Обыкновенно я заставал Фишера и его семейство за большим столом в столовой. Эта комната выглядела удивительно уютной. Цвет обоев, мягкий ковер, электрический свет, смягченный темным абажуром, цветы на столе и у окон, удобная мебель — все оказывало успокаивающее, примиряющее действие.

Сам Фишер сидел за одним концом стола и, попивая пиво из большой кружки, читал; на другом конце сидела его жена, занимаясь рукоделием и тихонько мурлыкая про себя немецкую песенку, которую она пела еще тогда, наверно, когда была ребенком. Посреди, за столом, на высоких стульях восседали остальные члены семьи, два сына и две дочери — в возрасте от трех до девяти лет.

Старшие что-нибудь клеили или красили, а младший вел себя буйно, так что мать должна была зорко присматривать за ним, чтобы он не упал со своего стула, хотя был закреплен в нем особым приспособлением.

Я удивился, как можно заниматься серьезной работой в такой обстановке, но Фишер уверял меня, что он не признает лучших условий и не променял бы данную обстановку на тишину кабинета.
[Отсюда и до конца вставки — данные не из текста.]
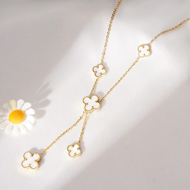 Версия высокого уровня, двустороннее ожерелье с пятью четырехлистными клеверами, водонепроницаемые и защищенные от пота украшения из титановой стали 18K, лучший подарок для девочек белый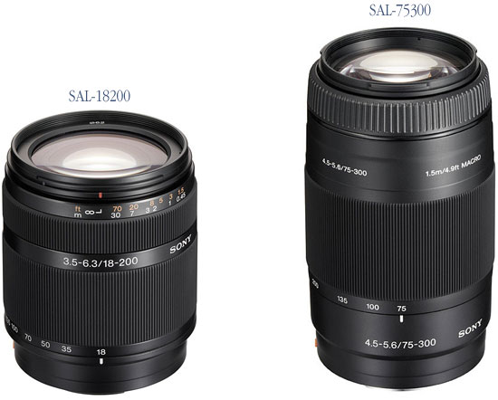 SAL-18200 включает в себя два элемента из низкодисперсионного (ED) стекла для уменьшения хроматической аберрации и три асферических элемента. SAL-75300 - компактный телеобъектив 75-300 мм (112,5-450 мм), f/3.5-6.3; подходит как для цифровых зеркалок формата APS, так и для 35 мм пленочных камер.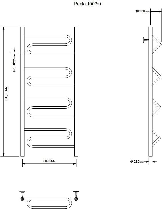 Полотенцесушитель водяной Aquanet Paolo 266734 100x50 см хром купить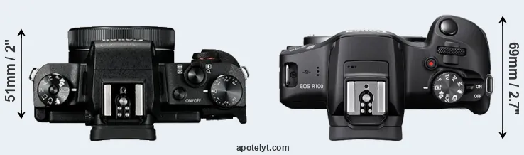 The side-by-side display below illustrates the physical size and weight of the Canon G1 X Mark III and the Canon R100. The two cameras are presented according to their relative size. Three consecutive perspectives from the front, the top, and the back are available. All width, height and depth measures are rounded to the nearest millimeter.

Фишер рано ложился и рано вставал и всегда работал в столовой.

Фрау Фишер, высокая костлявая блондинка с очень большими ногами и бесцветным лицом, была образцовой женой и матерью. За десять лет замужества она подарила своему мужу четырех детей и теперь готовилась произвести на свет пятого. Она была удивительно заботливой, доброй и любвеобильной.

Участь мадам Гаро произвела на нее сильное впечатление, и она при каждой встрече со мной старалась выразить мне свое участие, как будто я был близким родственником мадам Гаро.

Фишер отзывался о своей жизни здесь всегда очень спокойно и в общем был ею доволен. Однажды, когда я говорил о своей тоске по Парижу, Фишер сказал:

— Мы, немцы, уживаемся везде. Англичане тоже живут везде, но они требуют особенного комфорта и приносят всюду свои обычаи и привычки; мы же быстро ассимилируемся, приспособляемся и удовлетворяемся своей семьей и домом. Конечно, — прибавил он мечтательно, — я хотел бы побывать в Германии, посетить Мюнхен, побродить вечерком, когда сгущаются сумерки, по Английскому саду, на берегу Изара, прогуляться в долину. Но что об этом думать! И в нашей Колонии можно жить отлично.

Я любил этот дом и в минуты тревоги, тоски и одиночества приходил сюда, чтобы немного отдохнуть.

Как-то раз, в конце января, я особенно засиделся у Фишера. Он рассказал мне, каким образом попал сюда.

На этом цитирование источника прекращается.